* _PROBLEM TO WORK ON_: Transcribe all of the data exactly. Omit the pictures.

* _DATA PROVIDED_:
⁂
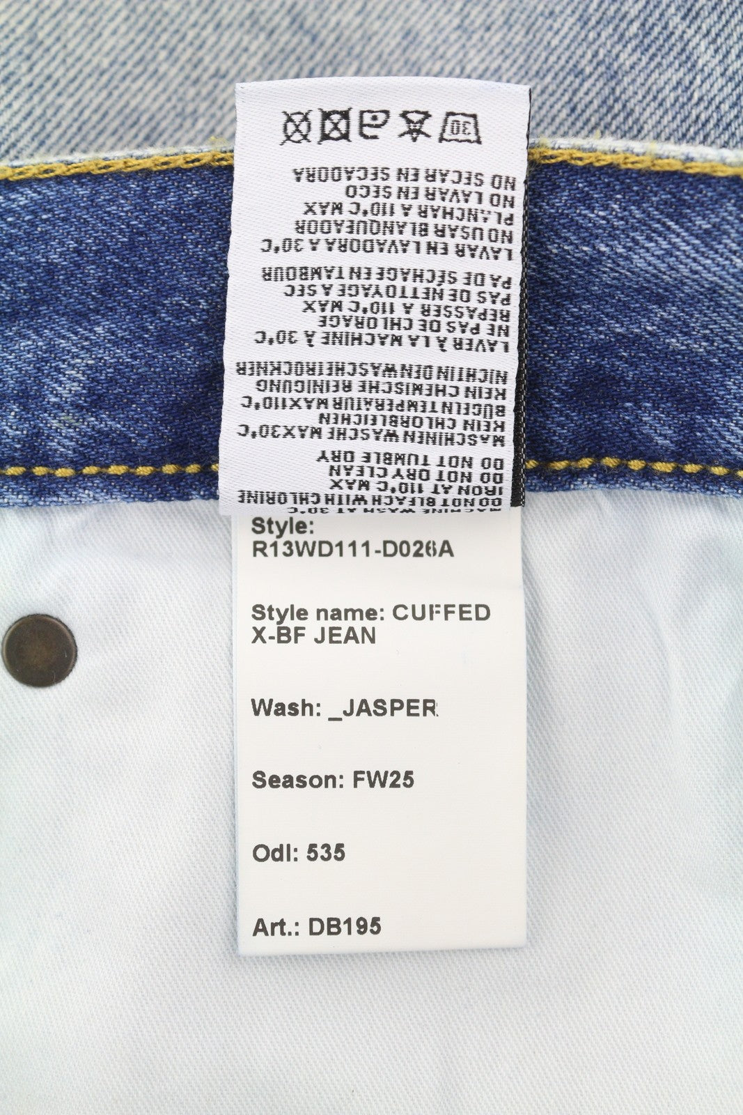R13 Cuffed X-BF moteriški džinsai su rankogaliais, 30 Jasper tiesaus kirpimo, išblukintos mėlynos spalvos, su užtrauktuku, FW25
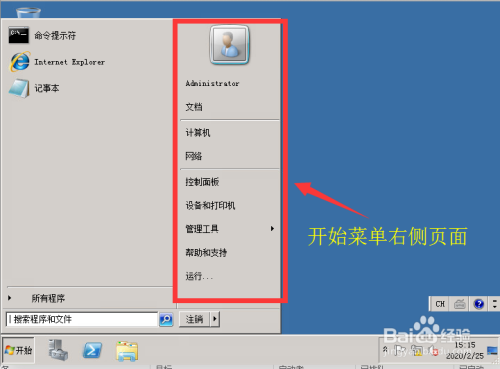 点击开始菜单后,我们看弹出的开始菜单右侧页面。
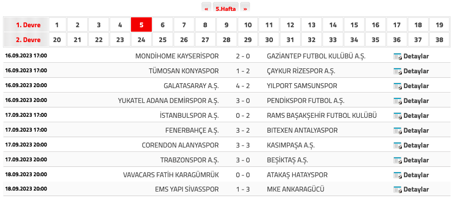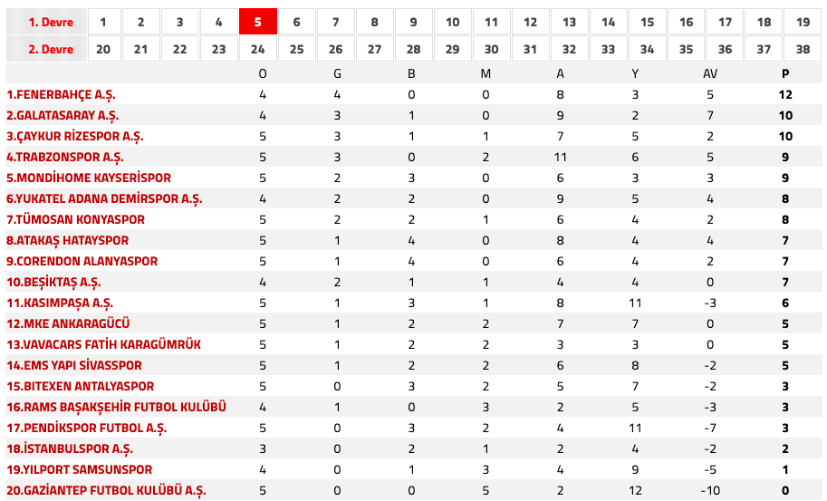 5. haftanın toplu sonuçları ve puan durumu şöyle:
⁂
* _RESULT FOR THIS TASK_:
R13 Cuffed X-BF moteriški džinsai su rankogaliais, 30 Jasper tiesaus kirpimo, išblukintos mėlynos spalvos, su užtrauktuku, FW25
 点击开始菜单后,我们看弹出的开始菜单右侧页面。
 5. haftanın toplu sonuçları ve puan durumu şöyle:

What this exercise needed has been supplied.